The third, officially labelled “air defence,” has never been utilised in civilian areas before. Air Force FA18 fighters, armed with air-to-air missiles, are flying overhead constantly, with orders to shoot down aircraft that stray into a 25-nautical mile radius “danger zone” around the CHOGM venue.

Hill described the military effort, costing more than $9 million, as a “security blanket that is extraordinary in Australian terms”. But, he claimed, “it just reflects the changed world we live in”. Hill admitted that no particular threat to CHOGM had been detected, yet declared: “Obviously in the post-September 11 environment, there’s a greater role for the defence forces than previously because they have capabilities and particular skills that the civil authorities don’t have.”

Prime Minister John Howard’s government has sent in the armed forces without invoking the military call-out legislation that it pushed through parliament with the backing of the opposition Labor Party in 2000, just before the Olympics. That legislation permits the federal government to mobilise the armed forces to deal with “domestic violence,” with or without the agreement of a state government.

The legislation reverses the long-standing tradition, based on public aversion to the use of troops against civilians, that the military not be deployed for domestic security purposes. The government has not attempted, however, to justify its CHOGM operation by declaring a state of “domestic violence”. Instead, it has relied upon even more vague powers under the Crime (Internationally Protected Persons) Act 1976 to use the defence forces to protect foreign dignitaries.

Premier Peter Beattie’s state Labor government in Queensland has eagerly seized upon the occasion to provide its police force with experience in using high-level security powers.
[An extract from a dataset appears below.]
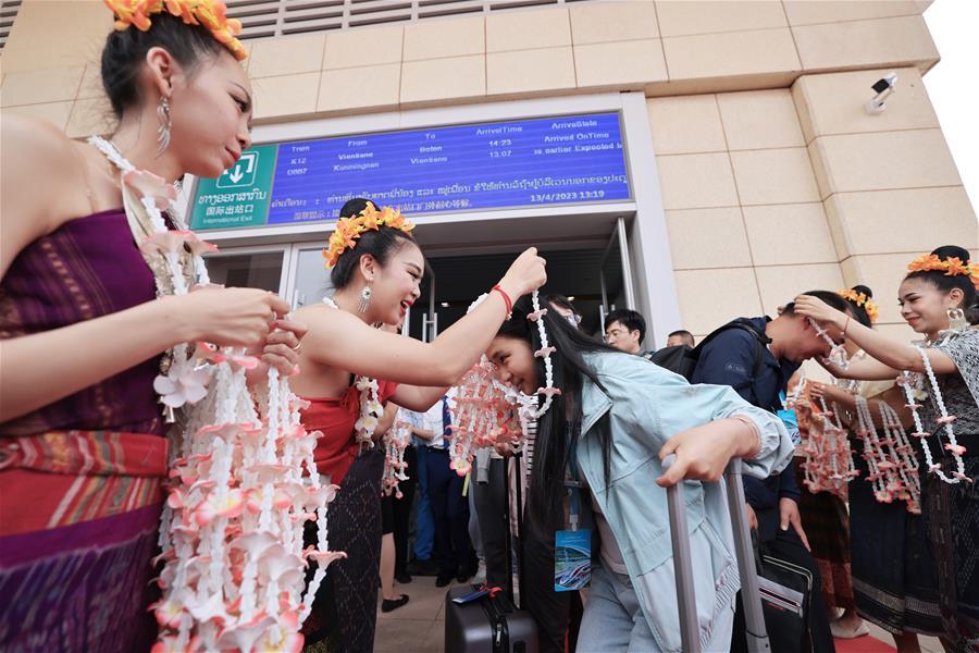 4月13日,在老撾萬象站,工作人員歡迎乘坐D887次國際旅客列車的旅客。新華社記者 邢廣利 攝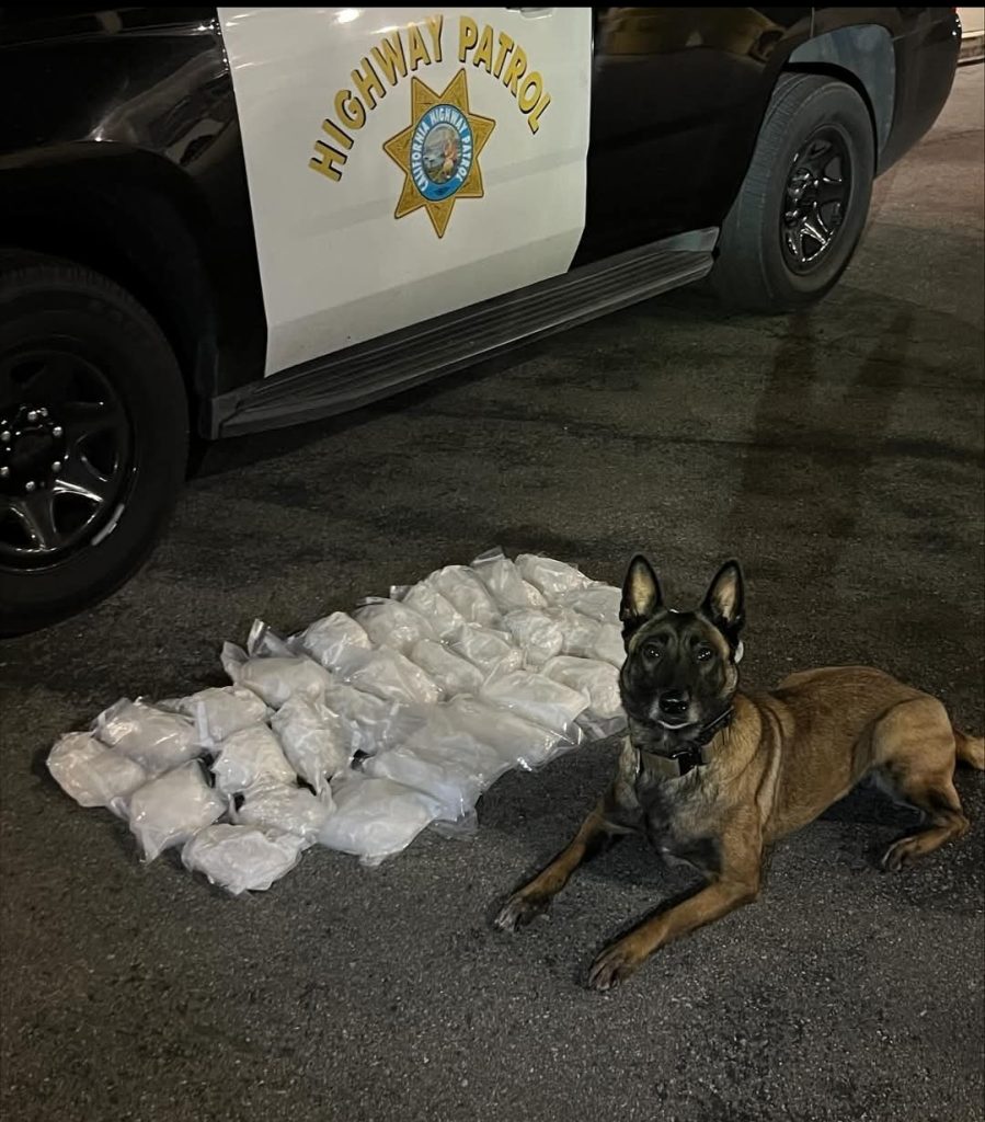 Late last month, a CHP officer pulled over a white Chevrolet Silverado on U.S. Highway 101 for a traffic violation. During the stop, K9 “Rae” alerted to the scent of narcotics coming from the vehicle. Officers searched the truck and discovered approximately 30 pounds of suspected methamphetamine. A CHP detective later obtained a search warrant for the driver’s home. K9 “Chip,” officers searched the residence and located an additional 10 pounds of meth hidden in a bag. The driver, 37-year-old Alan Duran, was arrested and booked on multiple drug charges.

“CHOGM security is the largest operation of its type undertaken by the Queensland Police Service in its 137-year history,” Beattie boasts on his CHOGM web site. Police Commissioner Bob Atkinson has been equally enthusiastic, extolling the “many positive benefits” for the Queensland Police Service. “CHOGM is an important event for Queensland and police personnel will benefit significantly from participating in such a major international event,” he stated. “The Service has improved communication and developed open consultation with issue motivated groups and is now better positioned to effectively and safely manage protest activity.”

Howard and Beattie have justified the extraordinary police-military operation on the basis that CHOGM constitutes a major meeting of world leaders. “The risk assessment is not that there’s any particular threat but CHOGM is the largest meeting of world leaders in Australia for a long time,” Defence Minister Hill declared. “It includes world leaders that have played a significant role in the war against terrorism and therefore we’ve decided to deploy that extra security.”

But CHOGM hardly fits this rather grandiose description. With the possible exception of British Prime Minister Tony Blair, none of the representatives of the 52 countries present could be classified as “world leaders”. At least 10 heads of government have stayed away, either due to internal political crises or because they regard CHOGM as a waste of time. Notable absentees include Indian Prime Minister Atal Bihari Vajpayee, Zimbabwean President Robert Mugabe and Malaysian Prime Minister Mohamed Mahathir.

The meeting is of such little moment that few demonstrators have bothered to turn out. Fewer than 1,000 people have participated in peaceful protests, stripping the police of the usual pretext for a huge deployment.

In fact the mobilisation is part of the government’s agenda of strengthening the repressive apparatus of the state—including boosting police powers and developing greater police-military cooperation.